* Record excerpts *
□ □ □ □ □

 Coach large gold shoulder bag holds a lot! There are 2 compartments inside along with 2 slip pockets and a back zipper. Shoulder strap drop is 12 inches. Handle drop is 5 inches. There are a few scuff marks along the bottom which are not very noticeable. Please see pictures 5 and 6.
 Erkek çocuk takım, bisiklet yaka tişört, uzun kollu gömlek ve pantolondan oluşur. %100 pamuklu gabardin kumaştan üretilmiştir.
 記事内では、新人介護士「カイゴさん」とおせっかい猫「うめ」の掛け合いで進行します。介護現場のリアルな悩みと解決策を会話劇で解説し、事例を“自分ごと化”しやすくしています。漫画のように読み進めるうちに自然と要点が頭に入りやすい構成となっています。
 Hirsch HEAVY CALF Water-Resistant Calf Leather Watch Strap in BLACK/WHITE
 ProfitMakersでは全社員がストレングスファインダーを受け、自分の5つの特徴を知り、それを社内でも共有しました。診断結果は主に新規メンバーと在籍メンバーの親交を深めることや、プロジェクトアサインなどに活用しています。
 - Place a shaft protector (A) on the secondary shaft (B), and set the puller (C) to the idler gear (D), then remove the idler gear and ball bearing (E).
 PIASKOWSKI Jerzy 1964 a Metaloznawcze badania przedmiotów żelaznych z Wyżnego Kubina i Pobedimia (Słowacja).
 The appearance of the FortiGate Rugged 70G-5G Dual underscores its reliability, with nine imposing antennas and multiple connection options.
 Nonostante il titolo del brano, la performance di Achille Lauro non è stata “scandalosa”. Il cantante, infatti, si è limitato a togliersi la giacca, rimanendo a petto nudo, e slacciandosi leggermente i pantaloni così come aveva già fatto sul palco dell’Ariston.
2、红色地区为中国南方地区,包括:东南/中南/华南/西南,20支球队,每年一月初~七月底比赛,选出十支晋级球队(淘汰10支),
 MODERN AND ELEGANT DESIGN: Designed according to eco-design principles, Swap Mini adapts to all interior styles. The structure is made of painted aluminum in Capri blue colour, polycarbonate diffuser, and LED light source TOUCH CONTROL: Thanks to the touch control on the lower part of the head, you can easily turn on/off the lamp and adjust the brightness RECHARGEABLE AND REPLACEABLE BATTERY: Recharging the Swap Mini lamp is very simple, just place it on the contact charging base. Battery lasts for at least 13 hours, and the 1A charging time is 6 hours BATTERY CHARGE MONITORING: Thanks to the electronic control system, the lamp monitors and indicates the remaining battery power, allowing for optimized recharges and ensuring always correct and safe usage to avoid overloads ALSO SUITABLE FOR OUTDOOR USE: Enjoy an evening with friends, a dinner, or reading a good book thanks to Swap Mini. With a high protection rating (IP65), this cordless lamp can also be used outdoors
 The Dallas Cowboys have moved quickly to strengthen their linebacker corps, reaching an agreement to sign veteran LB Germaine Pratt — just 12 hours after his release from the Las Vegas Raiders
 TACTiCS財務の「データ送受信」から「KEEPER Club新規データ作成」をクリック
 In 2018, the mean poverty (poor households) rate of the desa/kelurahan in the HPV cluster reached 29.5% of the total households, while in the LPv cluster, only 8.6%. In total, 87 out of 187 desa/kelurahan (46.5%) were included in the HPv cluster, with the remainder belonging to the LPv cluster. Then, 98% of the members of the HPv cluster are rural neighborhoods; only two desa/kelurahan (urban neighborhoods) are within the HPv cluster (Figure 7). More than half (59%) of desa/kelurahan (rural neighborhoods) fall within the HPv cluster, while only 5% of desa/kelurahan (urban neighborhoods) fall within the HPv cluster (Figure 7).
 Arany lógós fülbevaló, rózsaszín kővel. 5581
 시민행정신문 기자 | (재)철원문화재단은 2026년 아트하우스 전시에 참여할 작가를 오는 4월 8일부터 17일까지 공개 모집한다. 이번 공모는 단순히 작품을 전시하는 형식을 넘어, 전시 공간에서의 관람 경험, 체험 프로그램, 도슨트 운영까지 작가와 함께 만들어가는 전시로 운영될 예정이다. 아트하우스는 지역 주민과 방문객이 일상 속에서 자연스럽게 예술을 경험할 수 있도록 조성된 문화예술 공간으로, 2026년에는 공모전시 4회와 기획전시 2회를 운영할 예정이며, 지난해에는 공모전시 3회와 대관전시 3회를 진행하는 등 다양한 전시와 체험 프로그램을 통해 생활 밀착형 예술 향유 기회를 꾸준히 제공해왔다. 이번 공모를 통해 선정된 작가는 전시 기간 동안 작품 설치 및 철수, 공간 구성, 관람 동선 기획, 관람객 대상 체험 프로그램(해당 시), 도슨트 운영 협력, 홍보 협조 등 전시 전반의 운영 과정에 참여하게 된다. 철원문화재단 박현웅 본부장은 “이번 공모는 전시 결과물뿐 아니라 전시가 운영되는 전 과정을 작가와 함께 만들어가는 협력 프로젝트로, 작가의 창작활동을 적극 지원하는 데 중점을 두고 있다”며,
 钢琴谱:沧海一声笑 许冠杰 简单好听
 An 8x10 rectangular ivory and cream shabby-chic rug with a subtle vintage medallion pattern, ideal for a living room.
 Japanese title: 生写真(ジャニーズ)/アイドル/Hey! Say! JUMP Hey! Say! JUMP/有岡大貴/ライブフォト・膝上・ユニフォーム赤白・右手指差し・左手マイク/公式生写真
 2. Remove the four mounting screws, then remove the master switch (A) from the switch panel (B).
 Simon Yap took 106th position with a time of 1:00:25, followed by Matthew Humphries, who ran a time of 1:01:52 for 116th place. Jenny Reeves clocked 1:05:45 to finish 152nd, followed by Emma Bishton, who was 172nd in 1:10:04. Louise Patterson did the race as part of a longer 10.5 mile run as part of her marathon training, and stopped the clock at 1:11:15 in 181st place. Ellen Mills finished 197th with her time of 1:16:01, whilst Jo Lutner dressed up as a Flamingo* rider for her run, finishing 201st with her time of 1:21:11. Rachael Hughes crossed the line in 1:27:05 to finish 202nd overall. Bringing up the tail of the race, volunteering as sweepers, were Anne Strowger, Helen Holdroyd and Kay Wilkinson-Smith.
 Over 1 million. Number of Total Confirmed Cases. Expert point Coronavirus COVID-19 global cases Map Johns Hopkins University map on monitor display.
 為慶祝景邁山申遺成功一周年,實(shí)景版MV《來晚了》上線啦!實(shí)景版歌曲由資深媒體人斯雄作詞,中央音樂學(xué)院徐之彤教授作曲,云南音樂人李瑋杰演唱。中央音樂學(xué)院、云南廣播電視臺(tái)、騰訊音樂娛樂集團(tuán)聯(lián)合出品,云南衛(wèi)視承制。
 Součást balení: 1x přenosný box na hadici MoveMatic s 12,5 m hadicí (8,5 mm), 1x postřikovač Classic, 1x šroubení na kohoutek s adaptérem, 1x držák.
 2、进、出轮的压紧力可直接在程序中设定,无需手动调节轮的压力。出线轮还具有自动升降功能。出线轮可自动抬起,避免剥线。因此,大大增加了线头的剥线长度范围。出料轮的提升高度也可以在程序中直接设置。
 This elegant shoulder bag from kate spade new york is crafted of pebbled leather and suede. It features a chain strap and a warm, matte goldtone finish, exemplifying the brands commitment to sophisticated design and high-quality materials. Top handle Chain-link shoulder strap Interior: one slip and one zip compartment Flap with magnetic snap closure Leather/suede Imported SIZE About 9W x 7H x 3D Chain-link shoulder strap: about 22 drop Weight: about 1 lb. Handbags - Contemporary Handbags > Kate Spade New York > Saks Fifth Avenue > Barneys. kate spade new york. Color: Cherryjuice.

□ □ □ □ □

State in a single number how many lines in the data include the word "remove".

* Worked solution *
2